Currently, under the Fair Labor Standards Act, a certified “sheltered workshop” can pay disabled Americans less than the minimum wage-sometimes as little as pennies per hour. As a result, approximately 400,000 disabled Americans are paid a subminimum wage, which makes it more difficult for them to work their way out of poverty.

For decades, activists were unable to get even top labor Democrats like former Senator Tom Harkin-a key sponsor of the Americans with Disabilities Act-to challenge this labor law. Harkin, like many Democrats, argued that it was a key policy that helped people with disabilities get needed training for better jobs. However, studies show that rather than finding higher-quality jobs, the overwhelming majority of these disabled workers spend their careers continuing to earn the subminimum wage.

Ari Ne’eman, who was appointed by President Obama to the National Council on Disability, says the subminimum wage is an outdated idea. “It’s a relic from a time when our politicians embraced other draconian ideas like eugenics,” says Ne’eman. “This is 1930’s thinking.”

Fortunately, a movement to extend the minimum wage to disabled workers has now spread to four states and has reached the federal level as well.

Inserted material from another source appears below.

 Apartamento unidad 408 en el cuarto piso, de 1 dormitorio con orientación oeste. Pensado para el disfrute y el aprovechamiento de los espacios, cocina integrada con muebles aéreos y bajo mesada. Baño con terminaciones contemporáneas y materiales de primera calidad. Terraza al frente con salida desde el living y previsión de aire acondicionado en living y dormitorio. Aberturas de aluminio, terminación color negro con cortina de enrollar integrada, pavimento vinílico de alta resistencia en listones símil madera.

In case a business owner has an employee who has been rendered disabled to work after getting hired, and previously had played an important role in the growth, stability and continuance of the workings of the venture, they could always get key man life insurance for them, in order to hire their replacements. But, with the avenues broadening for the people with disabilities, getting an employment could become relatively easier.

In 2003, Vermont was the first state to eliminate the subminimum wage for persons with disabilities. Instead of paying nonprofits to employ these workers at a subminimum wage, the state invested those funds in wraparound services to help employers accommodate workers with disabilities. Rather than reducing the number of jobs for disabled workers, as critics of the policy had predicted, the employment rate for disabled workers rose-it is now double the national rate. In the last five years New Hampshire, Oregon, and Maryland have followed Vermont’s lead.

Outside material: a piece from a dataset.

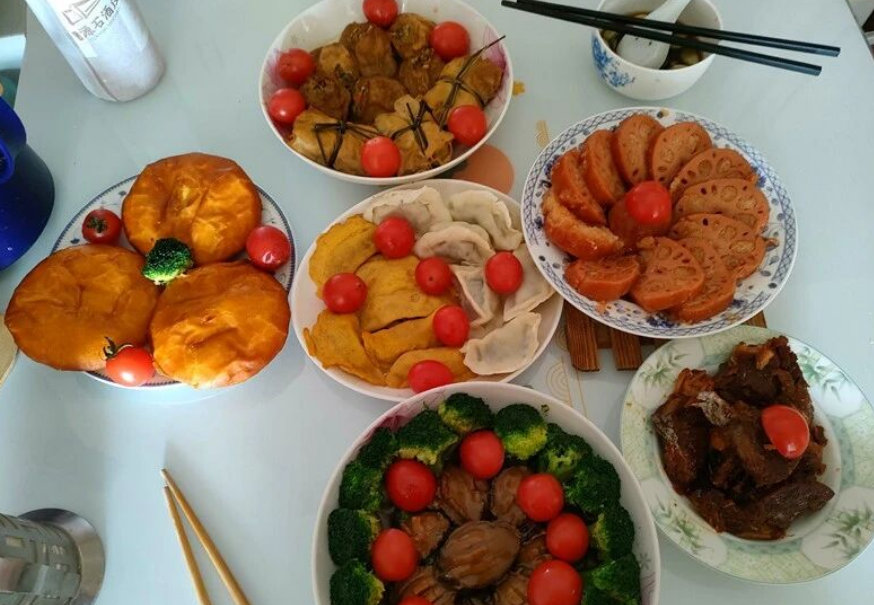 趁着叔叔阿姨和子女聊天的时间,张敬文去厨房帮忙端菜。等挂断电话,饭菜已上桌摆好,王叔叔找来家中的红酒,对小张说:“你来陪叔叔阿姨过年,我们很高兴,咱们开一瓶红酒,庆贺新年吧。”因敬文当天值班,她以茶代酒敬二老,并说到:“叔叔阿姨,给您拜年了,祝您二老新年生龙活虎,虎虎生威,新年身体健康,万事如意!”,随后大家共同举杯庆祝新春。

At the federal level, President Obama raised the minimum wage for tens of thousands of disabled federal contractors working in “concessions and concession industries;” and Labor Secretary Tom Perez has said that he wants all states to eliminate the usage of the subminimum wage to employ persons with disabilities.

Now there is also bipartisan support in both the House and the Senate for the TIME Act, which would ban the subminimum wage and provide funding to help transition disabled workers into mainstream employment.

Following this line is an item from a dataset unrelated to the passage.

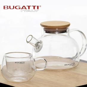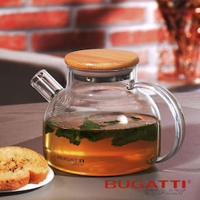O Bule de Vidro com Coador de Bico em Aço Inox e Tampa de Bambu Anti-bacteriano 500ml da Bugatti é exclusivo, singular e elegante.

Republican Congressman Gregg Harper, whose son has Fragile X syndrome, is a cosponsor of the legislation.

“For many of these people, it’s because they have family members with disabilities,” says Allison Wohl, Executive Director of the Association of People Supporting Employment First. But she says education also plays a role. “It’s universal-the reaction you get when you tell a hill staffer about the subminimum wage. Their face drops and it’s clear they don’t know what to say.”

Ne’eman hopes that the space created on both sides of the aisle to tackle low wages among disabled workers will lead to more creative thinking about how to raise wages for all workers and maybe a change in the employment law.

“We call it the curb effect,” he says. “Just like the [ramp at the] curb also makes it easier for [pedestrians with] a piece of luggage or a stroller. It ends up helping everyone.”

So far it’s unclear if the legislation is going to move in this Congress, but advocates remain hopeful. These days, even the possibility of Republicans and Democrats coming together to support pro-worker legislation is a rare thing. And many in the disability and labor communities hold out hope that passing this bill will be the first of more victories that lie ahead.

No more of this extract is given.